Excercise 1b: Visualizing AM Jobs Data

Prompt:

In the file am_jobdata.csv you will find information for the first job outcomes of college graduates from India including their salaries, test scores, their high school grades and other data. We'll try to make some interesting graphs in order to :

Help us understand what the data set is
Make some broad inferences about salary, college performance, spatial/gender distribution
Get some intuitive understanding of the salary data and how it relates to other variables

In any data analysis exercise, visualization is a good first step that can confirm assumptions or shine light on some promising directions for analysis.

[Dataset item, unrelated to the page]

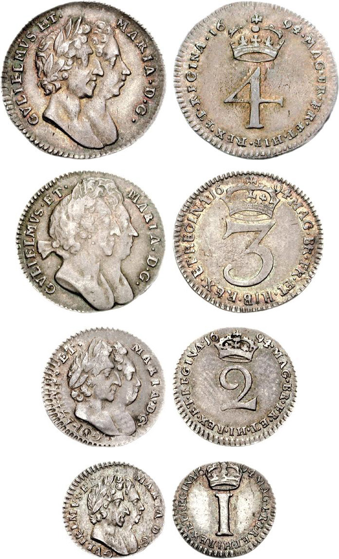 England. ORANGE. William & Mary. 1688-1694. Maundy set. Dated 1694. Includes 1d, 2d, 3d, 4d. SCBC 3446. 1d in Good VF, others in VF, all with dark iridescent toning.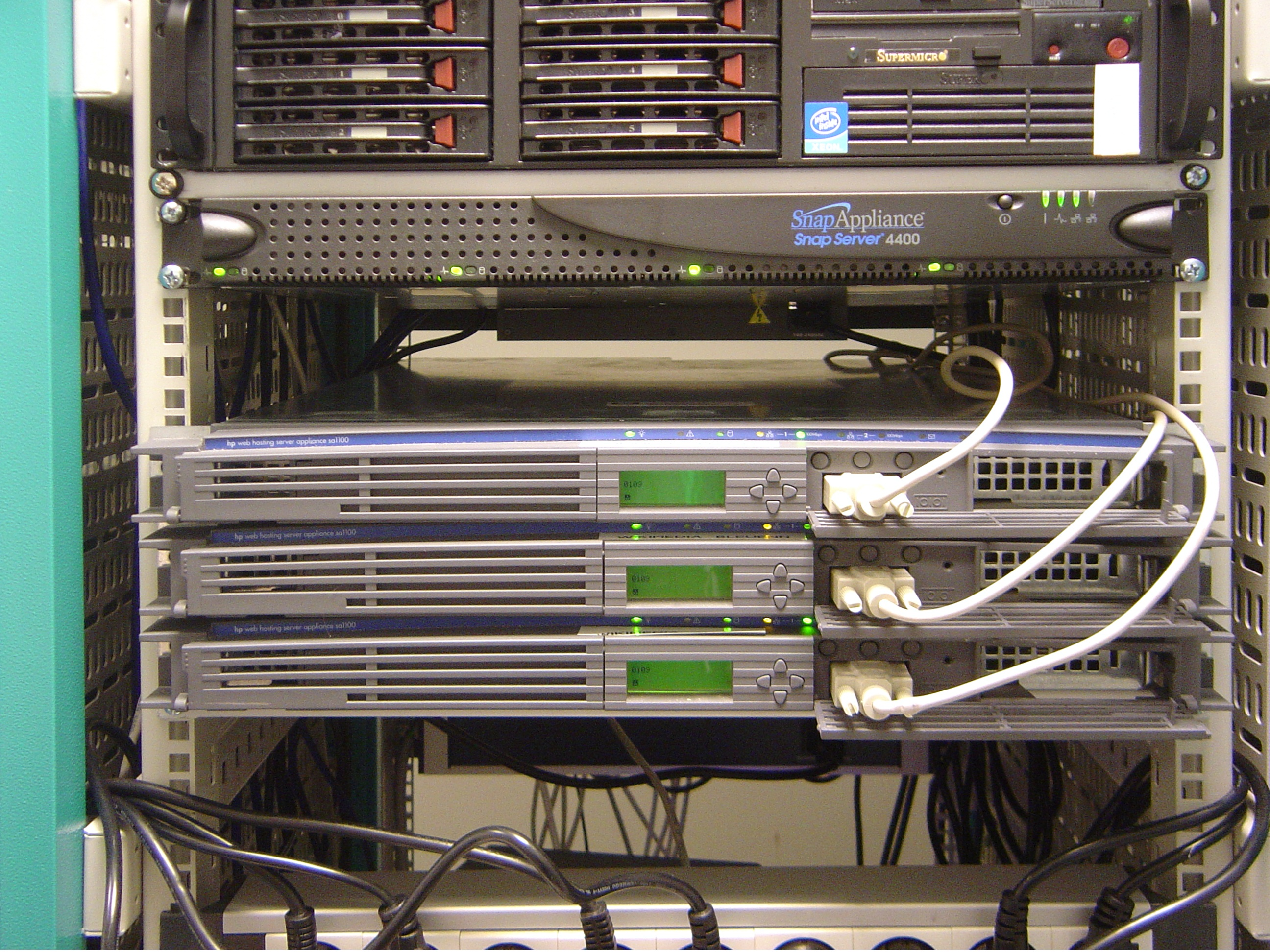 front view of the cluster of Wikimedia servers in Aubervilliers near Paris, France, installed on December 18, 2004; the three 1U servers of the same model (HP Proliant sa1100) in the middle are ours

See the Seaborn Gallery for ideas and directions on types of graphs that can be plotted.

Hints:

To get started, you may load the .csv file into Excel, Google Sheets or some other spreadsheet program to see what the data is and what its range is.
We'll be using seaborn to help us plot the data. Seaborn is a library that helps make visually appealing graphs and build on the matplotlib library. Head to the Seaborn tutorials page for some help on how to get started with plotting graphs in seaborn.
Think carefully about what type of graphs you want to plot - histograms, scatterplots, box-plots, violin plots, grouped data plots can all be useful.



In [113]:

    
# import libraries

import matplotlib
import IPython
import numpy as np
import pandas as pd
import matplotlib.pyplot as plt
import matplotlib as mpl
import pylab
import seaborn as sns

%matplotlib inline



In [114]:

    
# load the data
# hint : look up how to read .csv files in pandas
job_data = """ fill in something here!"""



In [27]:

    
# Let's see what the salaries look like!

mx = max(job_data.salary)
mn = min(job_data.salary)

print "Max is : "+str(mx)
print "Min is : "+str(mn)









    



Max is : 4000000.0
Min is : 35000.0



In [129]:

    
sb.distplot(job_data.salary.dropna(),bins = 100,rug=False)
sns.kdeplot(job_data.salary.dropna(),shade=True,color='blue')
# sns.rugplot(job_data.salary.dropna(),color='pink')









    Out[129]:





<matplotlib.axes._subplots.AxesSubplot at 0x1f3797b10>



In [128]:

    
# Lets plot males (gender == 1) vs females!
# Create data categories
m = job_data['gender']==1
f = job_data['gender']==0

sns.kdeplot(job_data[m].salary.dropna(),color='b')
sns.kdeplot(job_data[f].salary.dropna(),color='pink')









    Out[128]:





<matplotlib.axes._subplots.AxesSubplot at 0x1f349f310>